Hi everyone! My name is Alicia Lu, a rising sophomore working in the LAIR (Lab for Autonomous and Intelligent Robotics). This summer I have been working with my fellow classmates and Prof. Clark on developing a multi-AUV system to track sharks while simultaneously collecting marine habitat data. 

My job on the path-planning team is to modify the classic A* search algorithm (often seen as an extension of the famous Dijkstra Algorithm) to include our expected functionalities: track sharks of fixed positions and cover as many new habitats as possible. I have developed two versions of path planning algorithms that can complete the listed tasks. 

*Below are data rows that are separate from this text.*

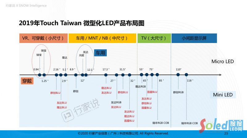Touch Taiwan展中,我們發(fā)現(xiàn),從小尺寸可穿戴,到中尺寸車用、筆記本、顯示器,再到大尺寸TV領(lǐng)域,群創(chuàng)光電和友達(dá)光電均有布局,隆達(dá)則重點(diǎn)在中小尺寸;國星光電則重點(diǎn)展示了中大尺寸層面。
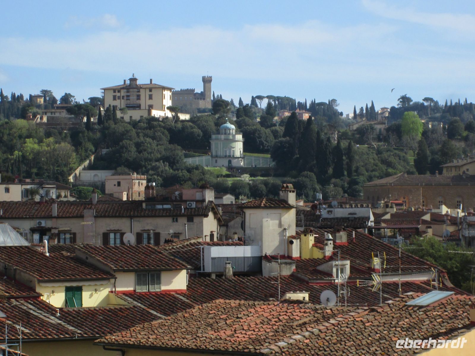 Ich derweil wartete auf unsere Leipzig-Gäste am Hotel, welche endlich auch eintrafen. Die Erleichterung der ersehnten Ankunft war jedem anzumerken. Einer kurzen Begrüßung auf der Dachterrasse des Hotels, folgte das "WOW". Von dieser hatte man nämlich einen herrlichen Blick über die Dächer von Florenz bis in die Ferne zu den Boboli Gärten mit dem Forte Belvedere. Der Dom/Campanile/Baptisterium-Komplex war zum Greifen nah. Zudem konnte man sehr gut Palazzo Vecchio, Bargello und Santa Croce sehen. Man war endlich in Florenz - Benvenuti!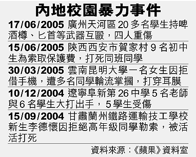 校園暴力一直困擾廣東省內的中小學。二○○三年,廣東省學生涉及校園暴力、集體毆鬥、自殺等非正常死亡人數為一百一十多人,二○○二年更多達八百四十多人。
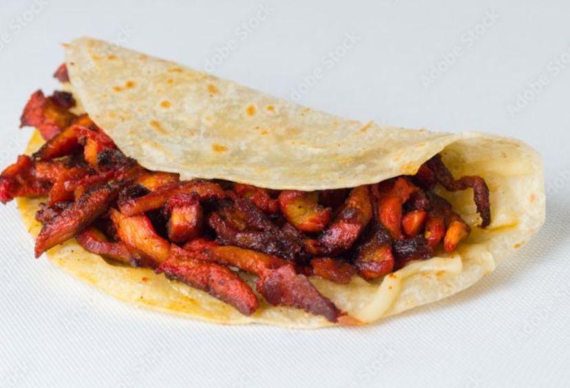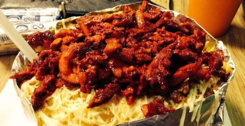 Con queso asadero y carne de bistec y trompo con aderezos y jalapeño también con galletas saladitas.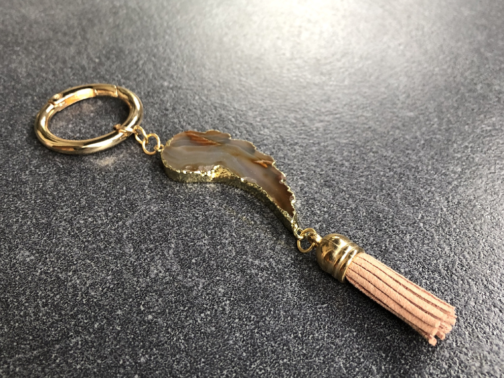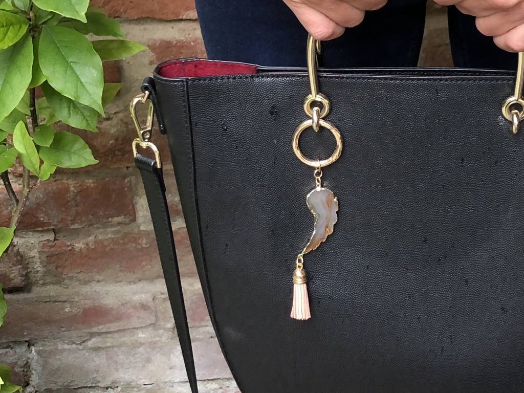 Elegantní přívěsek ve tvaru křídla z achátu dokonale ozdobí každou kabelku. Skvěle se hodí i jako přívěsek na klíče.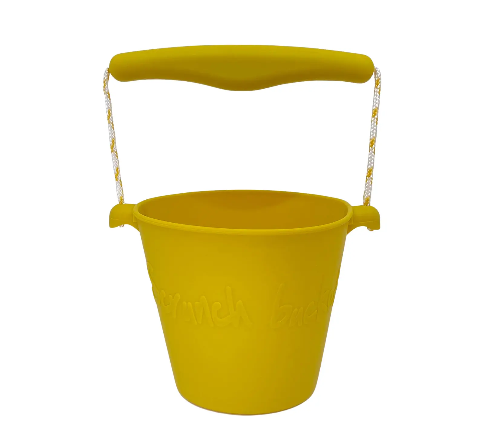The Scrunch sand bucket from Funkit World is perfect for every excursion, whether to the playground or to the beach in summer! The soft silicone can be easily folded up and rolled up to save space. So the bucket fits into every stroller or trunk! The material withstands sunlight, warm heat, and minus temperatures so it stays nice for years ahead. The handle of the Scrunch bucket is pleasantly soft and wide, so that your little one can carry a full bucket without hurting their hands.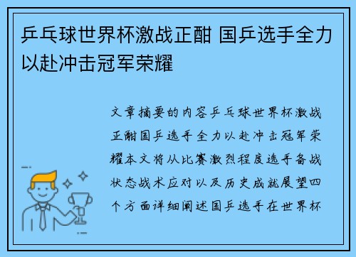 文章摘要的内容:乒乓球世界杯激战正酣,国...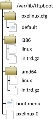 Перейдем в каталог /var/lib/tftpboot в котором будут размещаться наши файлы для сетевой загрузки. В его корне разместим файл pxelinux.0, его можно взять из любого дистрибутива, он везде одинаков.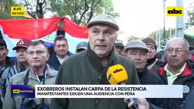 Este artículo tiene 1 año de antigüedad Exobreros de Itaipú siguen en movilizaciones tanto en Hernandarias como en Asunción, donde ya instalaron su “carpa de resistencia” en cercanías de Mburuvicha Róga. Los manifestantes exigen una audiencia con Santiago Peña.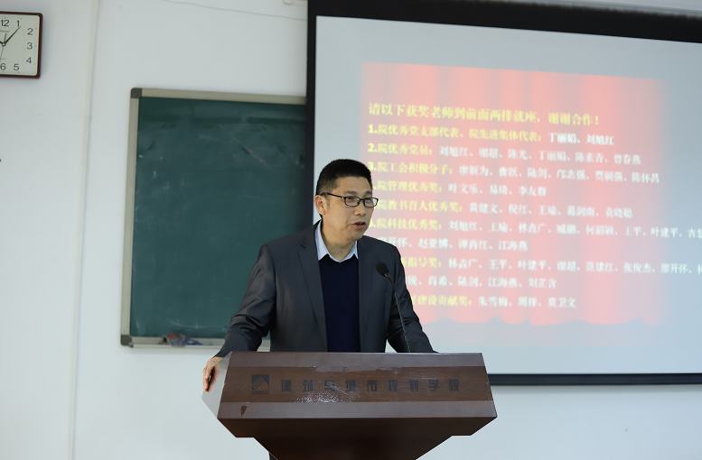会上,钟兆明书记传达了学校春季新学期工作会议上陈新书记的讲话精神。2018年,学校在从严治党、学科建设、学生培养、科技创新、人才引进、国际合作、综合治理等方面都取得了显著的成绩。对于学院来说,2018年的工作亮点纷呈:组织师生学习党的十九大精神和习近平总书记视察广东重要讲话精神,学院领导班子顺利换届,建筑学专业顺利通过复评,学院主办的2018年中国城市更新研讨会圆满举行,校庆60周年庆典活动顺利举办,连续两年获得学校“十佳书记项目”,师资队伍建设再上台阶,成功获得自然科学基金项目1项,顺利召开学院第三次团员暨学生代表大会,学生创新创业高水平竞赛喜获佳绩,这些成绩的取得是全院师生共同努力的结果。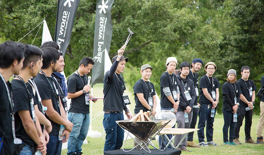 スノーピークは一般の企業と同じように、営業部門、管理部門、企画部門、様々な部門があり、全てのスタッフが Snow Peak Way に参加します。スノーピークのスタッフは皆キャンパーとしてお客様と繋がりたい、コミュニケーションを取りたいと願っているからです。それがスノーピークのお客様に対しての姿勢です。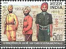 2005 postal stamp on 300 years of 15 Punjab (former 1st Patiala)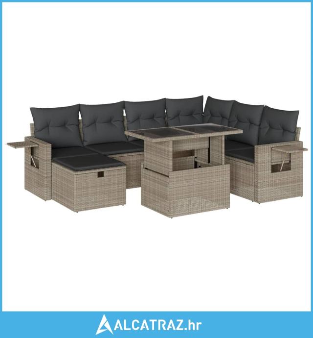 8-dijelni set vrtnih sofa od poliratana s jastucima svjetlosivi - NOVO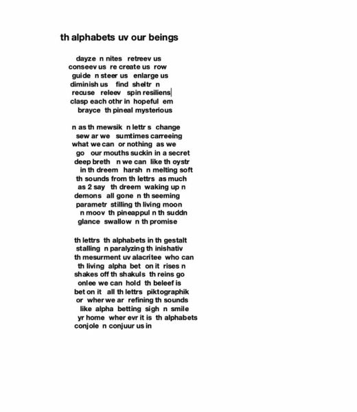 a novel uv pomes threding thru each othr th main charaktrs langwage n all uv us hedding off in all direksyuns ths book asks is langwage lost wev had creativ langwage almost 7 thousand yeers we still dont undr stand each othr veree well dew we want 2 thru th mysteree loves n rapturs speek th book uv lost passwords 1 is the new book from beloved Canadian poet bill bissett, recent recipient of the Order of Canada. It expands on his multivalent and long-standing poetic practice by rearticulating the novel as a radiant field of sound, image, story, memory, dream, and fantasy. It criss-crosses…mehr
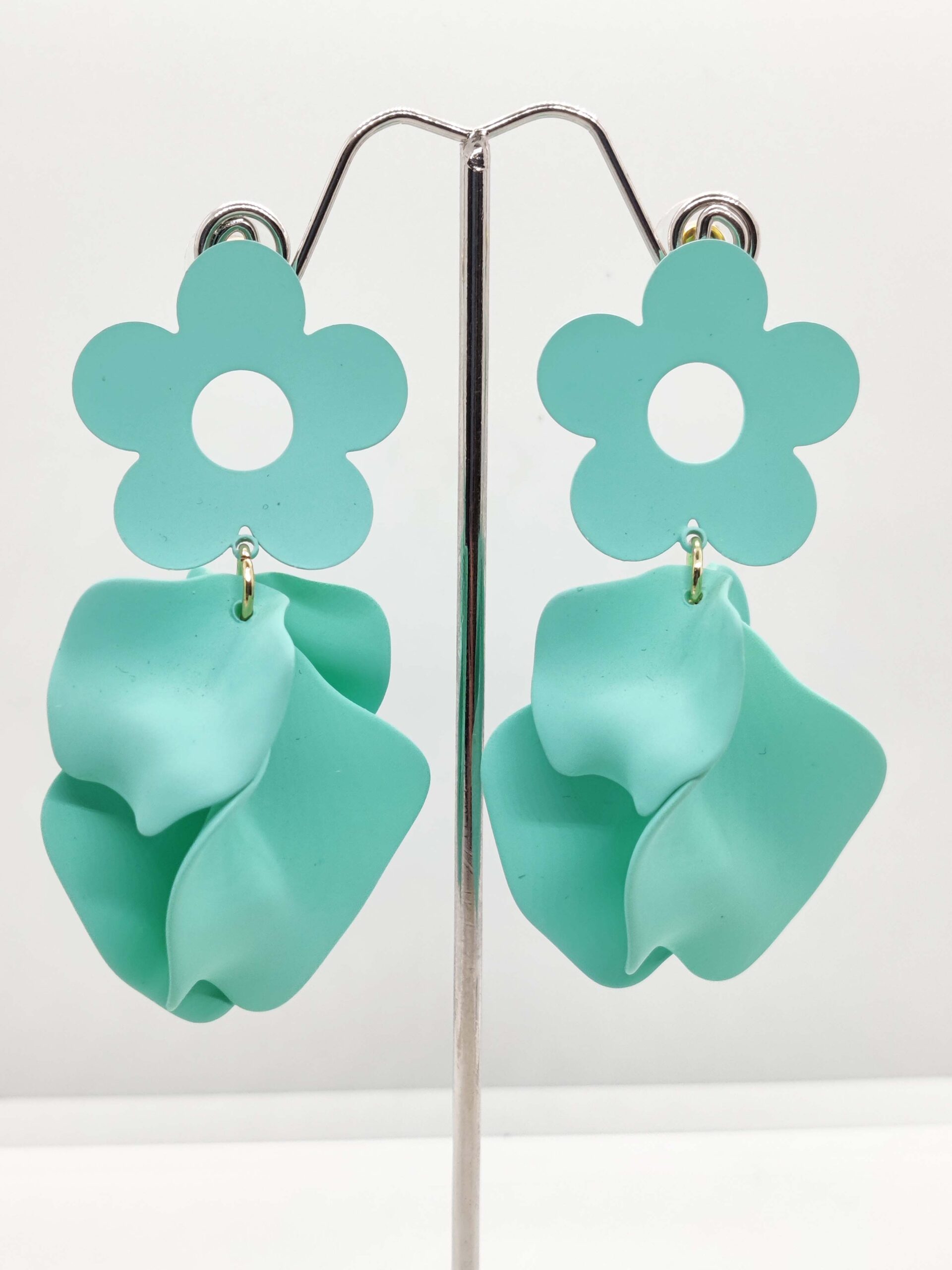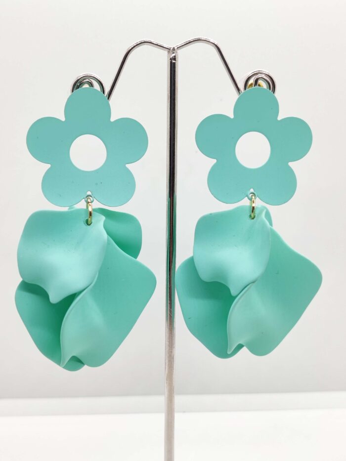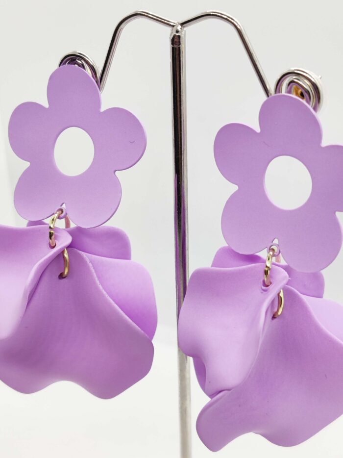 Orecchini con petali di fiori in plexiglass, estremamente leggeri.
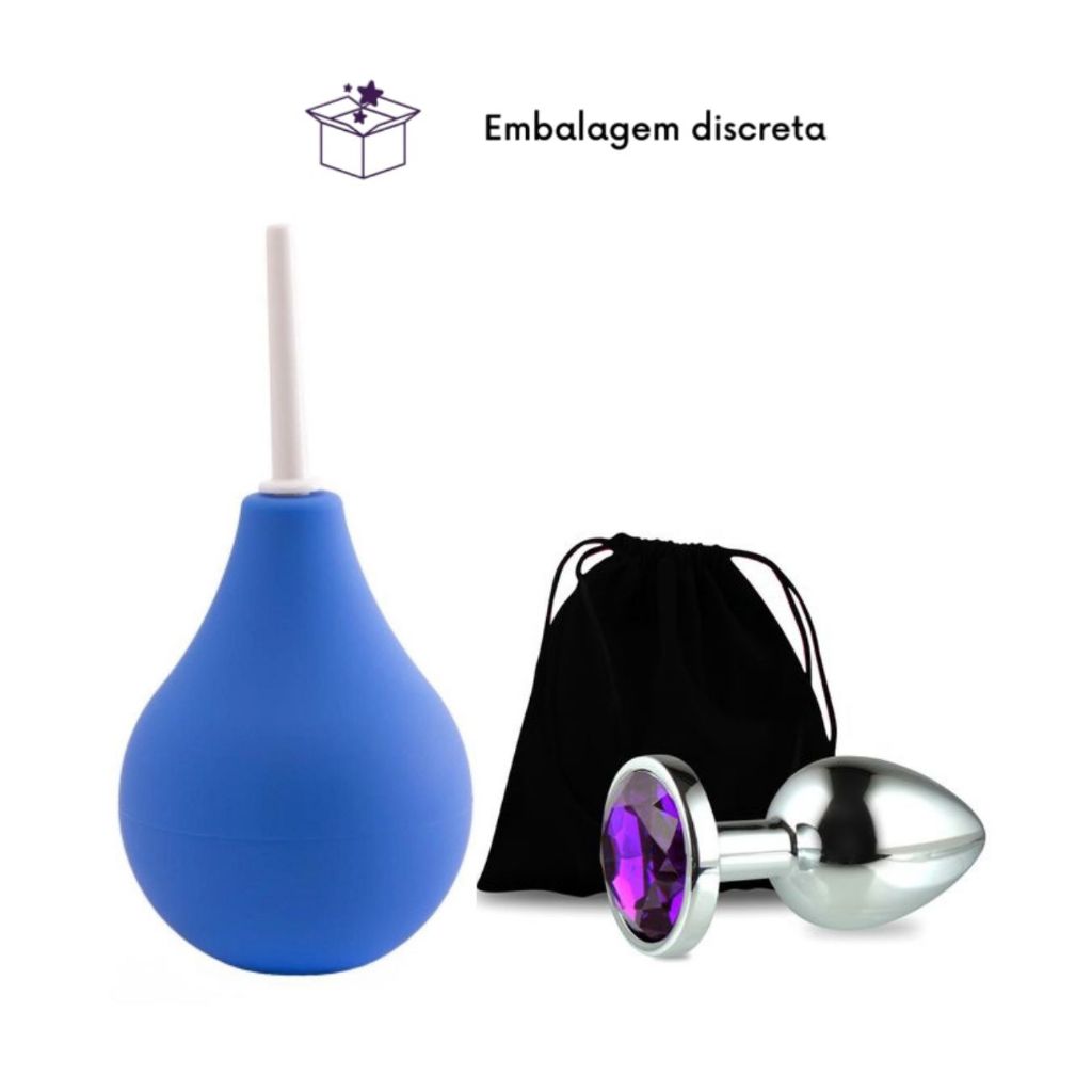 Envio Discreto. ***A cor dos produtos seram enviadas conforme a disponibilidade em estoque. Kit Contém: 01 Ducha Higiênica 160ml, 01 Plug Anal Tamanho P -*Ducha unissex para limpeza anal e vaginal, composta por 1 aplicador e bomba para sucção da água. O aplicador é confeccionado em plástico rígido e a bomba de sucção, em borracha macia. Discreta, confortável, fácil de limpar e muito simples de usar. Serve também como pulverizador de lubrificante. Modo de uso: Pressione a bomba de borracha para remover o ar e então coloque a ponta do aplicador em um recipiente com água ou o líquido que preferir. Ao manter a ponta submersa relaxe a pressão na bomba até preenchê-lo completamente. Insira o aplicador no ânus ou vagina e suavemente aperte a bomba. Material: PVC e ABS. Medidas: 160ml. Higienização: Lavar com água e sabão neutro antes e após o uso, seque com papel toalha ou deixe secar naturalmente. Depois de seco guarde na embalagem original. Não compartilhar e não expor a temperatura superior a 50°C. Cuidados: Higienize sempre antes e após o uso; Mantenha fora do alcance de crianças; Manter ao abrigo do calor e luz excessiva; Após o uso, guardar em uma embalagem de plástico, não enrole em papel. Recomendações: Recomenda-se o uso de lubrificante. ------------- -* Plug Anal este é um acessório erótico diferente que serve como estimulador anal em brincadeiras fetichistas, principalmente em jogos de dominação e submissão. É ideal para dilatação anal, pois sua espessura é diferente em todo seu comprimento. Modo de uso: Lubrificar antes da penetração. Material: Aço inoxidável. Medidas: 7 cm de comprimento, 2,8 cm de espessura (medidas aproximadas). Higienização: Lavar com água e sabão neutro antes e após o uso, seque com papel toalha ou deixe secar naturalmente. Depois de seco guarde na embalagem original. Não compartilhar e não expor a temperatura superior a 50°C

This post shows the simulation results from the algorithm that aims to explore as many new habitats as possible while trying to maximize time spent in each habitat. The longer time spent in a habitat implies longer trajectory length within a habitat. Figure 1 below illustrates a trajectory that starts at (-215.63, -5.89) and has a length of 71 nodes. 

However, as you may notice, the zigzags led to great inefficiency in terms of getting to the next position, which was why I decided to postprocess the generated trajectory by smoothing it. The trajectory can be smoothed if we deleted intermediate nodes outside of the habitats (remember we still want the length inside the habitats to be long). 

Figure 2 shows the smoothed path in Figure 1.

My next step is to allow the A* to track multiple sharks (or shark clusters) by integrating my fellow labmate Linda’s work on sharkOccupancyGrid, which provides information about the likelihood to find sharks in each discretized cell of our map.